## Your objective
Beginning at the line that holds "The property is" and continuing to the last line of the data below, transcribe every line word for word, without pictures.

## Data under study
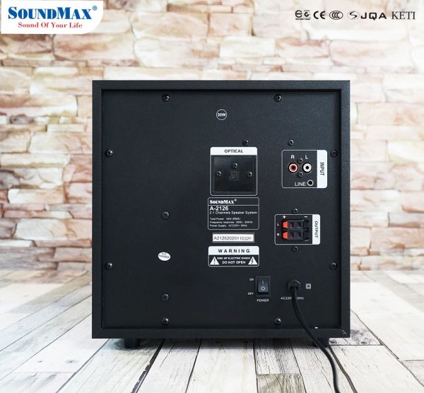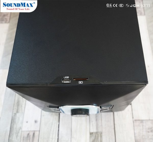 Ngoài ra Loa SoundMax A-2126 còn có chức năng điểu khiển từ xa với remote kèm theo. Hỗ trợ Bluetooth 5.0, USB, SD Card, ngõ vào AUX (RCA jack / 3.5mm stereo) và Optical.
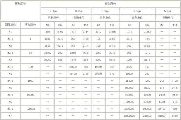 根據中華人民共和國國家標準GB 50073-2001(GBJ73—84 已作廢),《潔凈廠房設計規范》(下面簡稱《規范》)明確規定了空氣潔凈度的四個等級(潔凈度即指潔凈環境中空氣含塵粒多少的程度),并制作了相應表格以示劃分之標準:
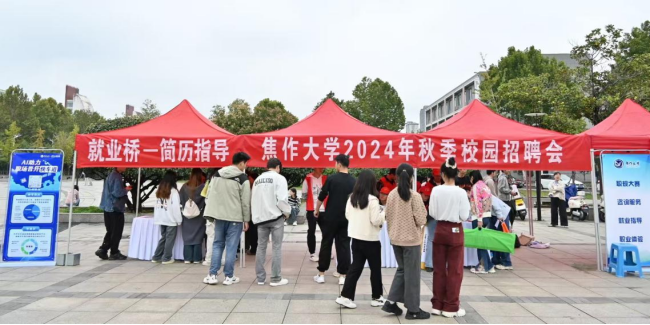 為深入貫徹黨的二十大和二十屆二中、三中全會精神,落實《中共中央國務(wù)院關(guān)于實施就業(yè)優(yōu)先戰(zhàn)略促進(jìn)高質(zhì)量充分就業(yè)的意見》文件精神,進(jìn)一步發(fā)揮高校校園招聘主渠道作用,大力拓展崗位資源,全力促進(jìn)畢業(yè)生實現(xiàn)高質(zhì)量充分就業(yè),焦作大學(xué)于10月18日在圖書館廣場舉辦2024年秋季校園招聘會暨“宏志助航”專場招聘會。焦作市山陽區(qū)委副書記、區(qū)長侯向陽,焦作大學(xué)黨委書記汪詩懷、副校長林鄧偉到招聘會現(xiàn)場指導(dǎo)調(diào)研工作。
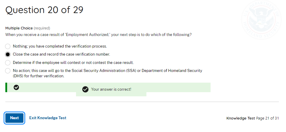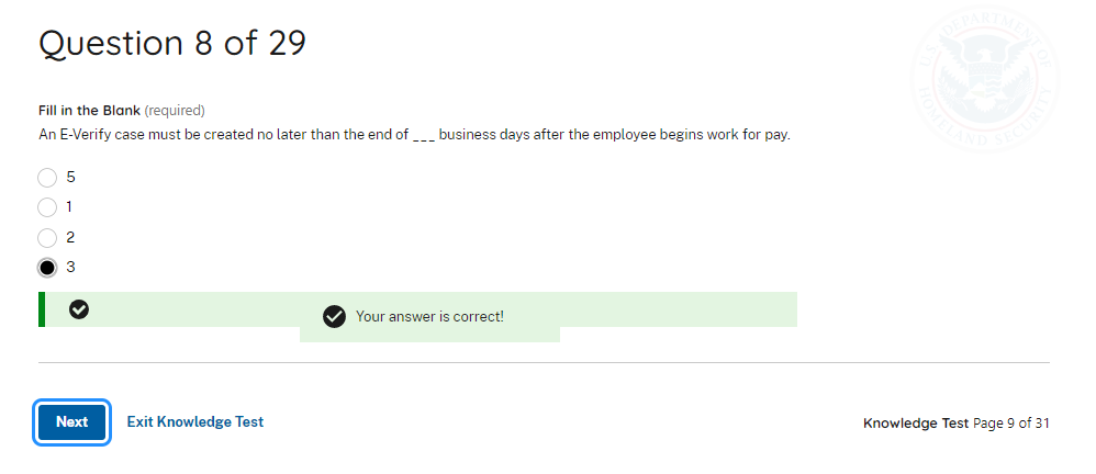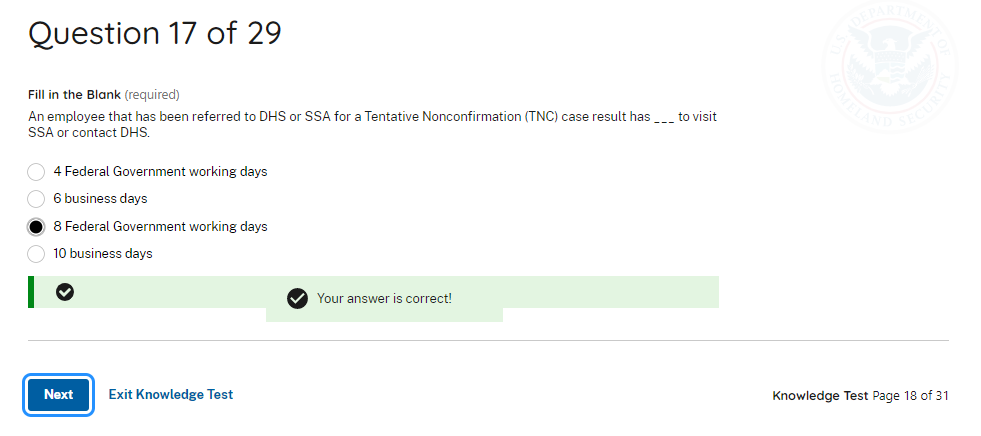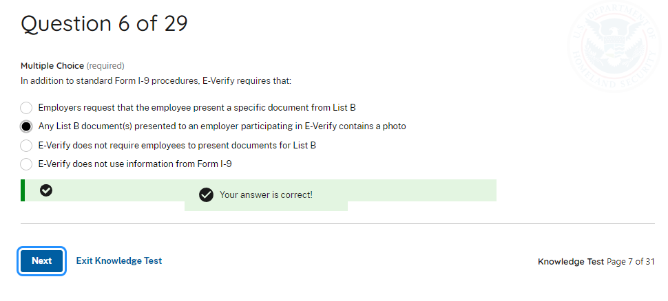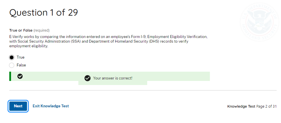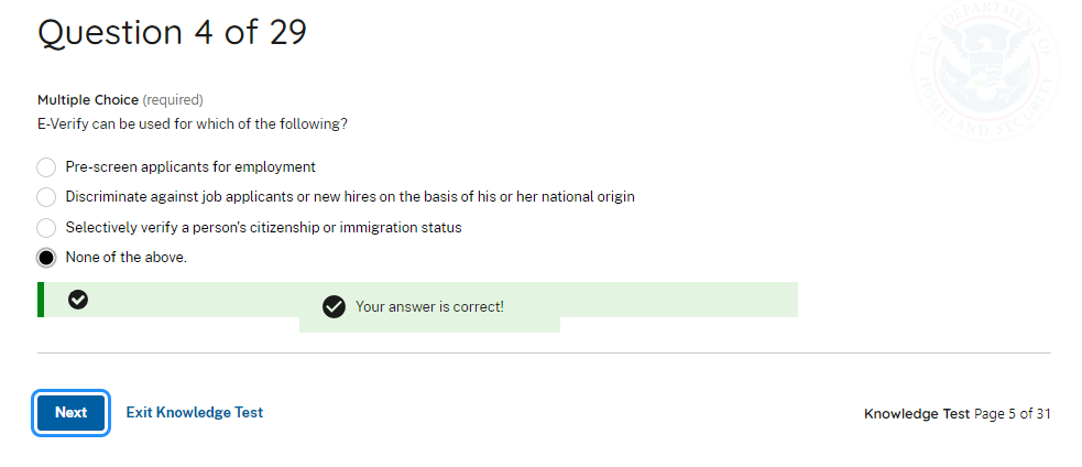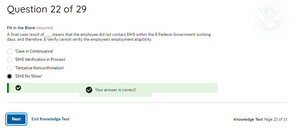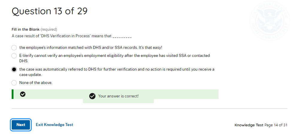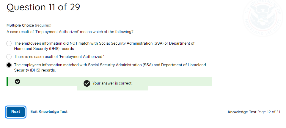Description: As a result of Legacy Retirement efforts, the redesigned E-Verify user interface has a modern design. The E-Verify lesson quiz questions have been modified to suit the new design. The E-Verify Guidance will revise and connect the tutorial quiz questions and answers with the Legacy Retirement modernization efforts.
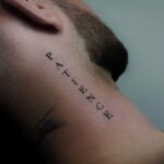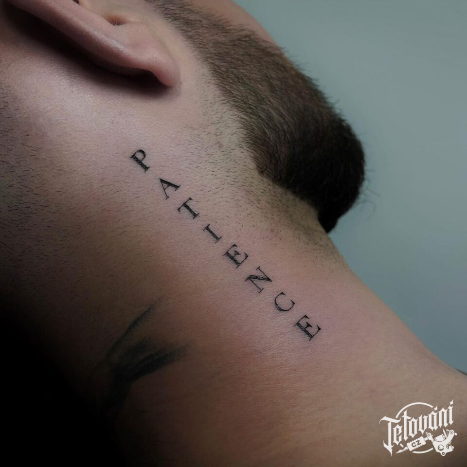 Tetování písmena, nápis na krku
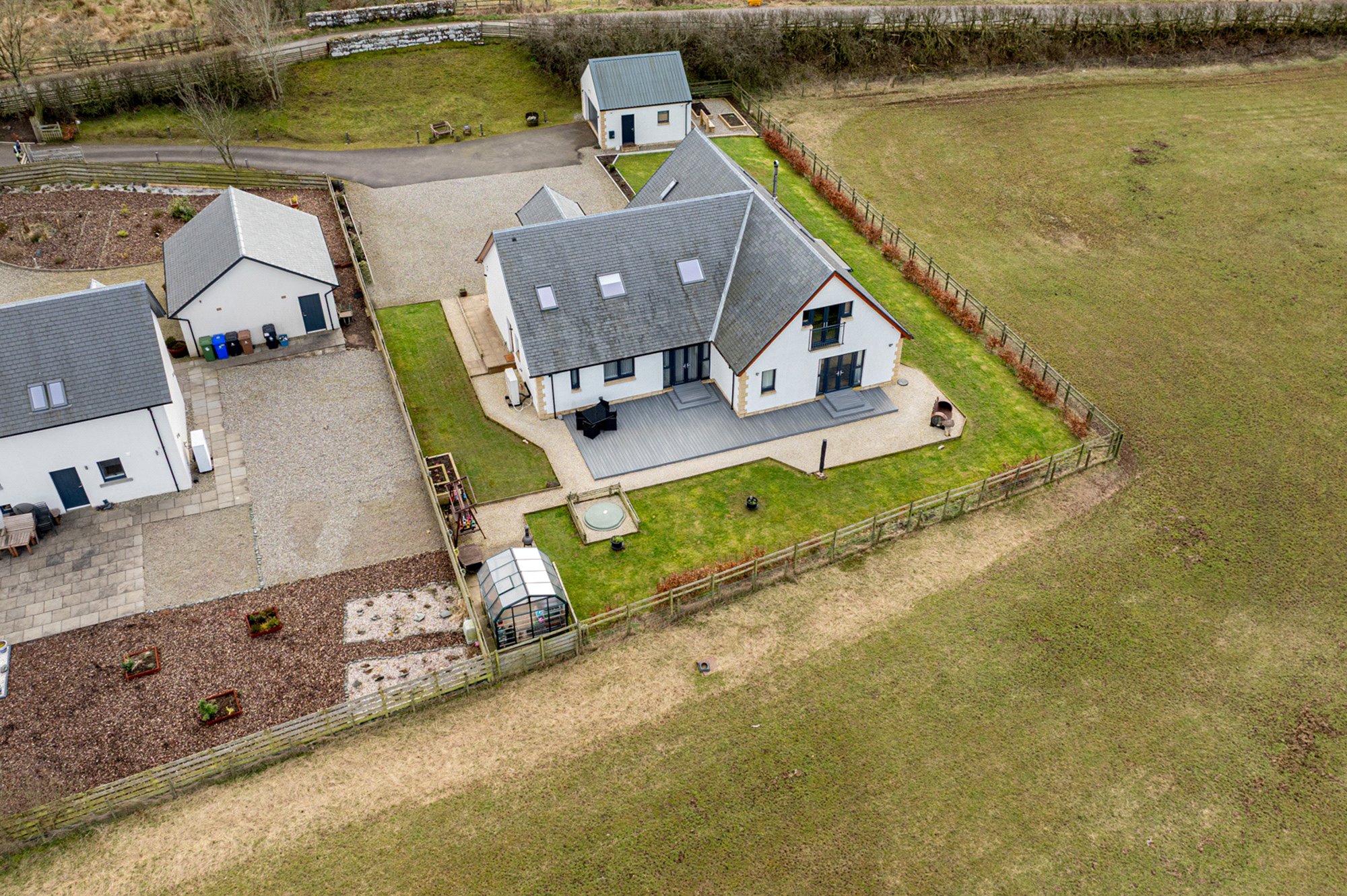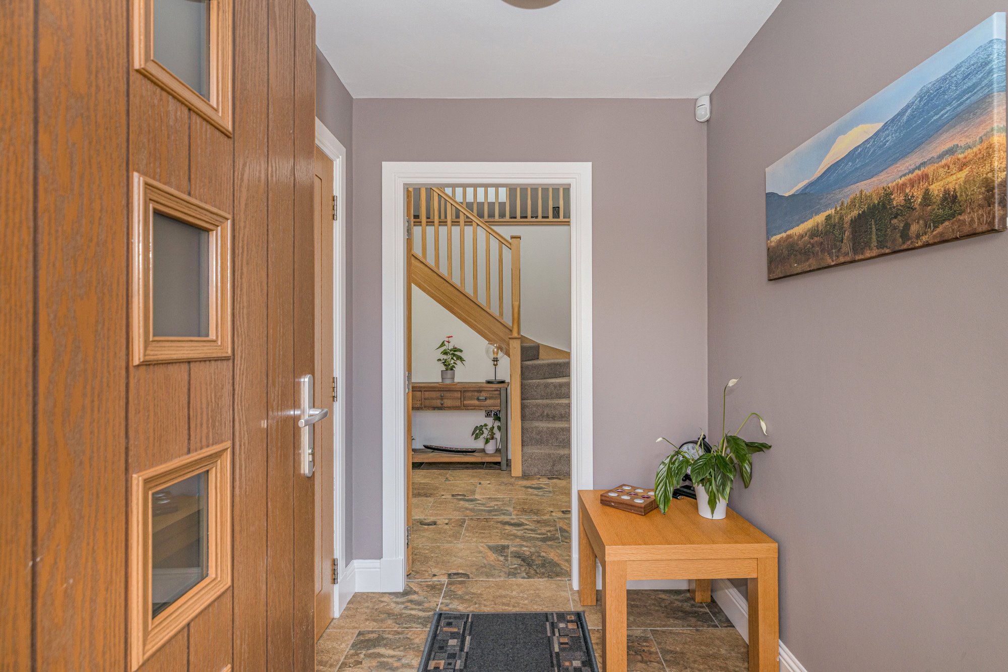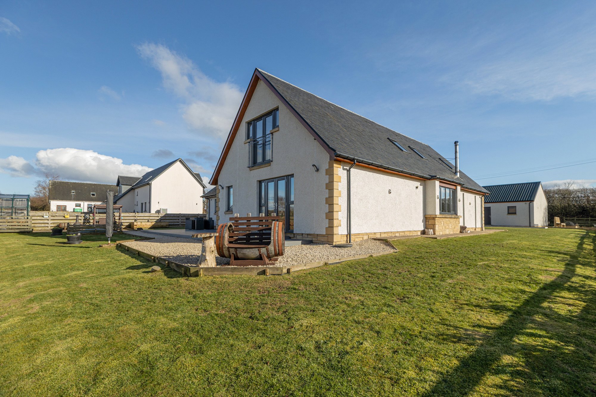 The property is accessed via a tarmacadam drive that leads to a generous parking area laid to stone chips along with the detached garage (5 ½ KW EV car charger attached). Initial inspection will showcase the really attractive design aesthetic, with an ‘oatmeal’ render beautifully contrasted by stone dressings and a beautiful slate roof. Windows are double glazed and coloured in anthracite grey. Internally, the specification is high with quality fixtures, fittings and appliances to be found throughout.
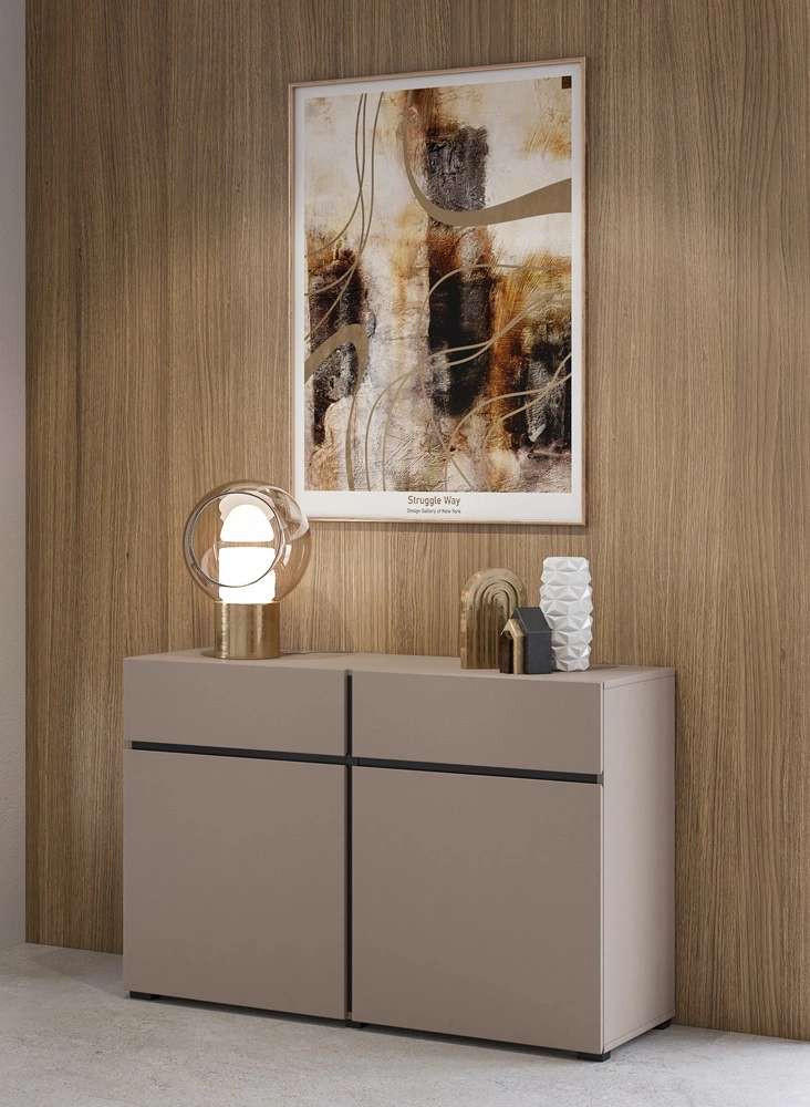 Komoda Cross 119 cm v tmavě béžové barvě je dokonalým kusem nábytku pro milovníky minimalistických interiérů.

## Written answer
 The property is accessed via a tarmacadam drive that leads to a generous parking area laid to stone chips along with the detached garage (5 ½ KW EV car charger attached). Initial inspection will showcase the really attractive design aesthetic, with an ‘oatmeal’ render beautifully contrasted by stone dressings and a beautiful slate roof. Windows are double glazed and coloured in anthracite grey. Internally, the specification is high with quality fixtures, fittings and appliances to be found throughout.
 Komoda Cross 119 cm v tmavě béžové barvě je dokonalým kusem nábytku pro milovníky minimalistických interiérů.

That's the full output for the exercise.